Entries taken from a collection
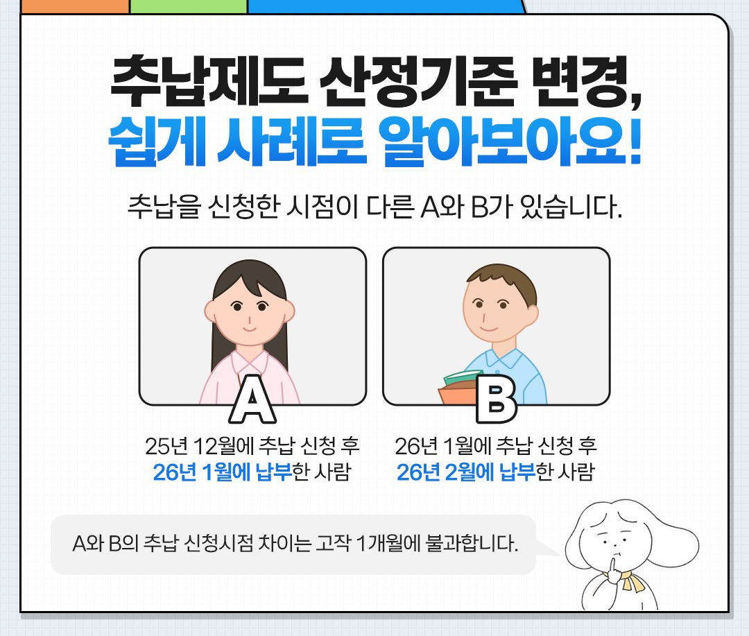 - 그러나 개정 전 방식대로라면, 예를 들어 2025년 12월에 추납 신청하고 2026년 1월에 납부하는 경우,
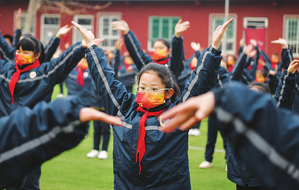 3月24日,臨汾市興國實(shí)驗(yàn)小學(xué),師生們在課間跳律動減壓操。連日來,該校結(jié)合閉環(huán)管理,為全校師生量身編排了律動減壓操和手舞操,使學(xué)生快樂學(xué)習(xí)、健康生活。(閆銳鵬攝)
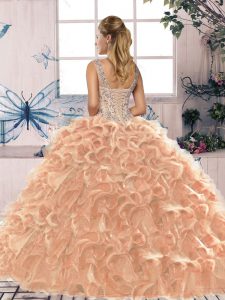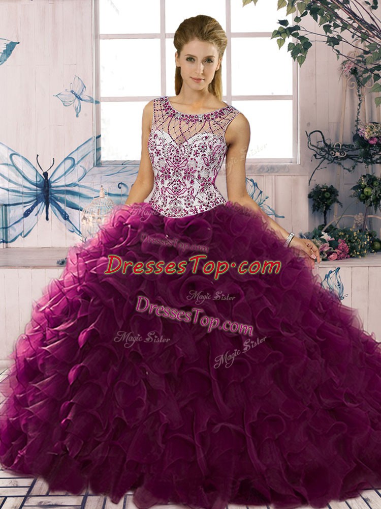 Affordable Dark Purple Ball Gowns Scoop Sleeveless Organza Floor Length Lace Up Beading and Ruffles Quinceanera Gown
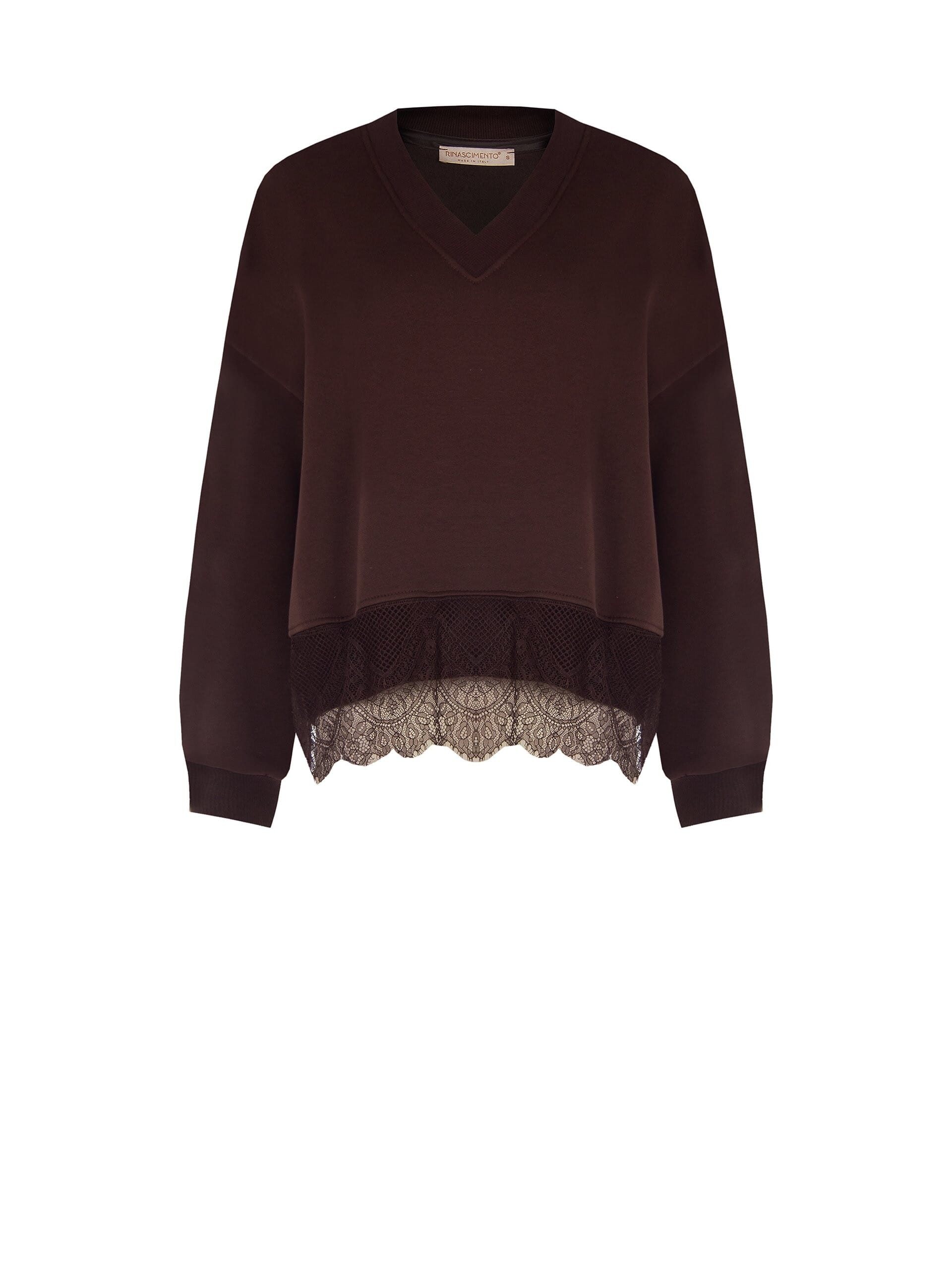 Maglia dal fit morbido e rilassato, in felpa liscia con interno soffice. Il bordo in pizzo lavorato con orlo smerlato aggiunge femminilità, mentre lo scollo a V scolpisce la linea e slancia la figura. Perfetta per l’everyday chic: da indossare in ufficio con pantaloni sartoriali o nel weekend con denim.
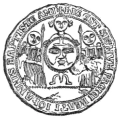 It was customary for pilgrims to bring back as proof of their pilgrimage to a particular shrine or holy place a badge, usually made of lead or pewter, bearing some figure or device identifying it with the name or place. These “pilgrim signs” are frequently alluded to in literature—notably in the Canterbury Tales and in Piers Plowman. The British Museum and the Musée Cluny in Paris have fine collections of them, mainly dredged from the Thames and the Seine. The badges were generally worn fastened to the pilgrim’s hat or cape. Among the best known are those of the cockle or scallop shell of St. James of Compostella in Spain; the “vernicle,” a representation of the miraculous head of Christ; the vera icon, true image, on St Veronica’s handkerchief, at Rome, or of the Abgar portrait at Genoa, of “a vernicle hadde he sowed on his cappe” (Cant. Tales, “Prol.” 685); the Amiens badge of the head of John the Baptist on the charger, the cathedral claiming the custody of the relic from 1206 (fig. 1); and the palm branches or cross of palm leaf, the badge of the “Palmers” pilgrimage to the Holy Land. The most common of the English pilgrims’ signs are those of the shrine of Thomas Becket at Canterbury, the greatest centre of pilgrimage in England.
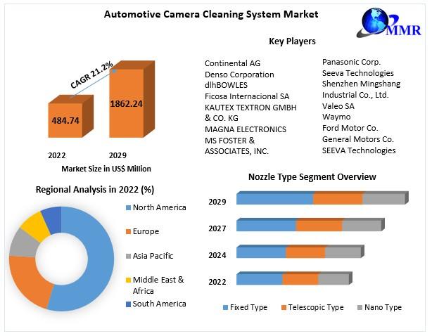 Automotive Camera Cleaning System Market is anticipated to reach US$ 1862.24 Mn by 2029 from US$ 484.74 Mn in 2022 at a CAGR of 21.2% during a forecast period.Revolutionizing Visibility: The Essence of Automotive Camera Cleaning Systems
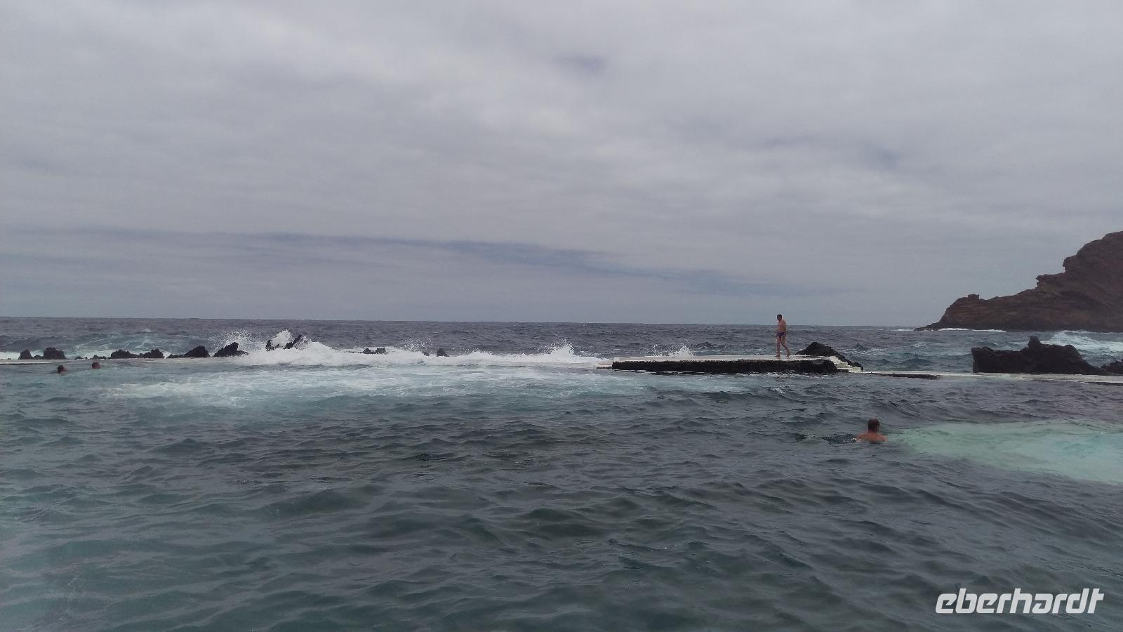 Unsere Wetteraussichten des heutigen Tages schauen wieder sehr gut aus :-) Auf unserem heutigem Reiseplan stehen die Ortschaften Ribeira Brava, Porto Moniz und São Vicente. Zuerst besuchen wir Ribeira Brava und schauen uns vor allem die schöne Kirche an. Dann fahren wir über Ponta do Sol und Arco da Calheta auf die Paúl da Serra. Und dann startet sie auch schon, unsere kleine Wanderung Levada do Paul. Von weiten können wir die Christus-Statue "Christo Rei" erblicken. Wir genießen bei strahlendem Sonnenschein die traumhafte Natur, eine wirklich wunderschöne letzte Wanderung unserer schönen Reise. Im Anschluss fahren wir nach Porto Moniz, wo wir auch unsere Mittagspause verbringen werden. Diese Ortschaft wurde nach dem portugiesischen Adligen Francisco Moniz benannt. Während einige Reisegäste den Ort erkunden, gönnen sich die anderen Gäste eine Abkühlung in den für diesen Ort bekannten Meeresschwimmbecken "Piscinas Naturais do Porto Moniz". Diese Becken werden von bizarren Felsformationen aus Vulkangestein umrahmt. Dann fahren wir entlang der Nordküste über Seixal nach São Vicente. Wir legen in Seixal eine Zwischenstopp bei einem Souvenirladen ein, wo wir auf Empfehlung von Silvia schöne Korkwaren erwerben können. In São Vicente besuchen wir die kleine barocke Pfarrkirche und begeben uns auf einen kurzen Rundgang durch den Ort. Dann geht es weiter über den Encumeada-Pass zu einer kleinen Kneipe, wo wir uns einen Poncha oder auch einen Nikita zum Abschluss unserer Reise gönnen werden. In der Bar "É Prá Poncha" trinken wir das zweite typische Getränk auf Madeira, einen "Nikita". Dieses Getränk besteht aus Weißwein, Bier, Vanilleeis, Ananas und Zucker. Es wurde erstmals in Sunny Bar in diesem Ort 1986 hergestellt. Zudem probieren wir den leckeren Lorbeerblütenhonig und kaufen vielleicht auch ein Glas als Andenken für unsere geliebten Daheimgebliebenen. Dann fahren wir schon zum Hotel zurück, welches wir gegen 17.15 Uhr erreichen. Wir verabschieden uns herzlich von Silvia und Anastácio, wir bedanken uns für die tolle Reise und auch die vielen kleinen Zwischenstopps und schönen Umwege :-) Wir werden beide zwar am nächsten Tag nochmals sehen, aber doppelt hält ja bekanntlich besser! Im Hotel entspannen wir bis zum Abendessen. Wir treffen uns wie gewohnt im Eingangsbereich und laufen ein weiteres Mal zum Restaurant "A Lareira". Das Essen schmeckt uns abermals sehr gut, obwohl wir dieses Mal ein wenig länger darauf warten müssen. Der Großteil der Gruppe gönnt sich nochmal den wohlschmeckenden schwarzen Degenfisch "Espada" :-) Nach dem Abendessen begeben sich einige Gäste noch zum Supermarkt, um Tomaten-Marmelade und Tomaten-Chutney als Souvenir zu kaufen. Unglücklicherweise sind die "guten" Sorten nicht vorhanden, so dass wir Silvia bitten, uns die leckeren landestypischen Sorten mitzubringen. Zum Abschied unserer Reise treffen wir uns wieder auf der Hotelterrasse und lassen die Highlights und wunderbaren Erlebnisse bei Madeira-Wein, Rotwein, Wasser, Bonbons, getrockneten süßen Früchten und Erdnüssen Revue passieren. Wir können gar nicht glauben, dass wir morgen dieses wunderschöne Inselparadies bereits wieder verlassen werden!

WHAT YOU WILL DO: Starting with the first line of the data, transcribe every line exactly through the one containing "Maglia dal fit". No pictures go in.

SOLUTION FOR THIS TASK:
 - 그러나 개정 전 방식대로라면, 예를 들어 2025년 12월에 추납 신청하고 2026년 1월에 납부하는 경우,
 3月24日,臨汾市興國實(shí)驗(yàn)小學(xué),師生們在課間跳律動減壓操。連日來,該校結(jié)合閉環(huán)管理,為全校師生量身編排了律動減壓操和手舞操,使學(xué)生快樂學(xué)習(xí)、健康生活。(閆銳鵬攝)
 Affordable Dark Purple Ball Gowns Scoop Sleeveless Organza Floor Length Lace Up Beading and Ruffles Quinceanera Gown
 Maglia dal fit morbido e rilassato, in felpa liscia con interno soffice. Il bordo in pizzo lavorato con orlo smerlato aggiunge femminilità, mentre lo scollo a V scolpisce la linea e slancia la figura. Perfetta per l’everyday chic: da indossare in ufficio con pantaloni sartoriali o nel weekend con denim.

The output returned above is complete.